A One-way Ticket by Angelina Bonifacio

A One-Way Ticket: Italian Migrants in the City of Ryde, 1860-1960: An Anthology is a moving collection of life stories from the Italian migrants and their families who courageously left their homeland to carve out a future in the northern region of Sydney metropolitan area, that of, the districts of Ryde.



Foreword by The Honourable Victor Michael Dominello


For family and friends this book is a visceral awakening of memories. For students and historians it’s a valuable resource. For people who have a connection with Ryde, it’s an important ingredient for understanding the strength of our diversity. For migrants of non-Italian heritage, it’s an empathetic adhesive.

In his Dialogo sopra i due massimi sistemi del mondo (1632), astronomer and polymath Galileo Galilei famously said:

Tutte le verità sono facili da capire una volta che sono state rivelate. Il difficile é scoprirle. (All truths are easy to understand once they are discovered. What is difficult is to discover them.)

Many of the ‘truths’ about the Italian migrants’ contribution to Ryde have been confined to photos and memories that live within family units. Precious in every sense of the word. They are of great emotional value for the families. Equally, they are of significant value to our collective history, particularly here in the City of Ryde.

History ends unless it’s recorded. If recorded, then it will resonate in eternity.
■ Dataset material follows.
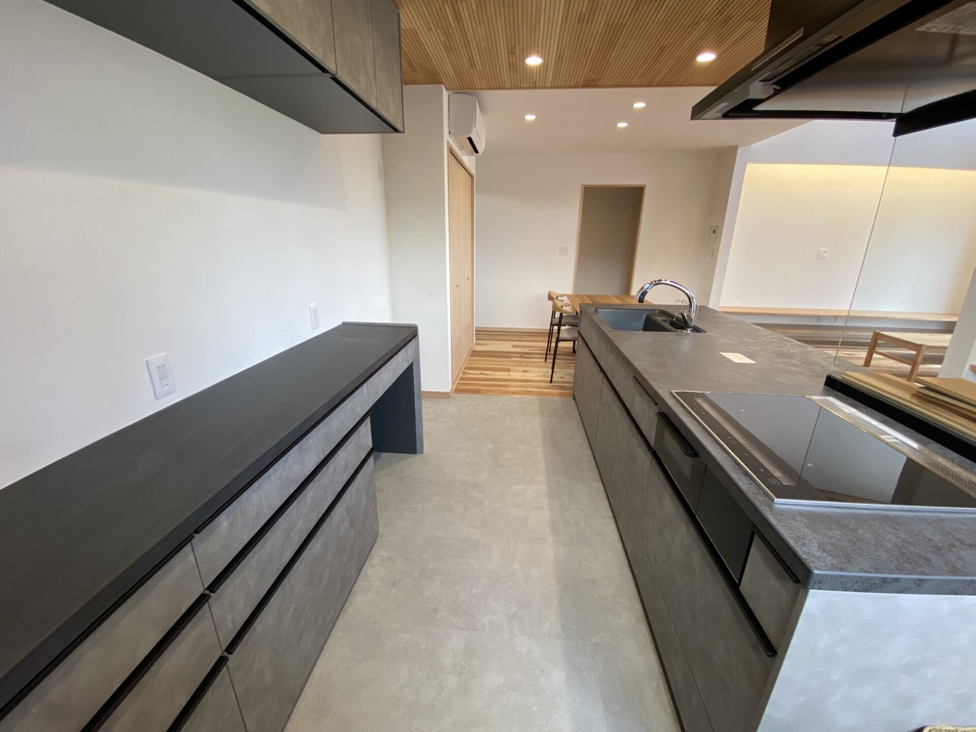 屋久杉の無垢床、身体に優しい素材のマシュマロタッチ、キッチン天井には高級感のある無垢の羽目板と、自然素材を五感で味わう住まいです。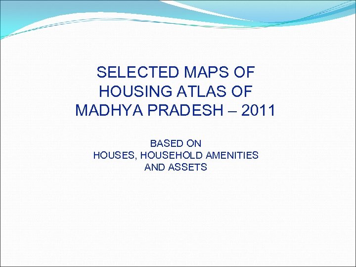 SELECTED MAPS OF HOUSING ATLAS OF MADHYA PRADESH – 2011 BASED ON HOUSES, HOUSEHOLD AMENITIES AND ASSETS

We have an obligation to preserve the memories of those who sacrificed so much to give us a better opportunity in this great southern land.

Unless documented, it’s easy to forget what our forefathers and mothers sacrificed and went through.

When these migrants packed up to travel halfway around the world, it would have been akin to a one-way trip to the moon. This took profound courage. There was no guarantee they would succeed in Australia and thus be able to afford a return ticket to Italy to visit family. In the early days the main communication channel was snail mail.

This progressed over time to very expensive and crackly telephone calls. It is almost impossible to truly understand the grief of not being able to seamlessly communicate with your loved ones. No one could have envisaged today’s world of emails and Face Time.

Today we live in comparative 21st-century luxury. The first Italian immigrants to the Ryde districts predominantly worked the land. Many were market gardeners. They worked so hard as a family. In the sun. In the cold. In the rain. There was no sun safety to be had nor UV protection.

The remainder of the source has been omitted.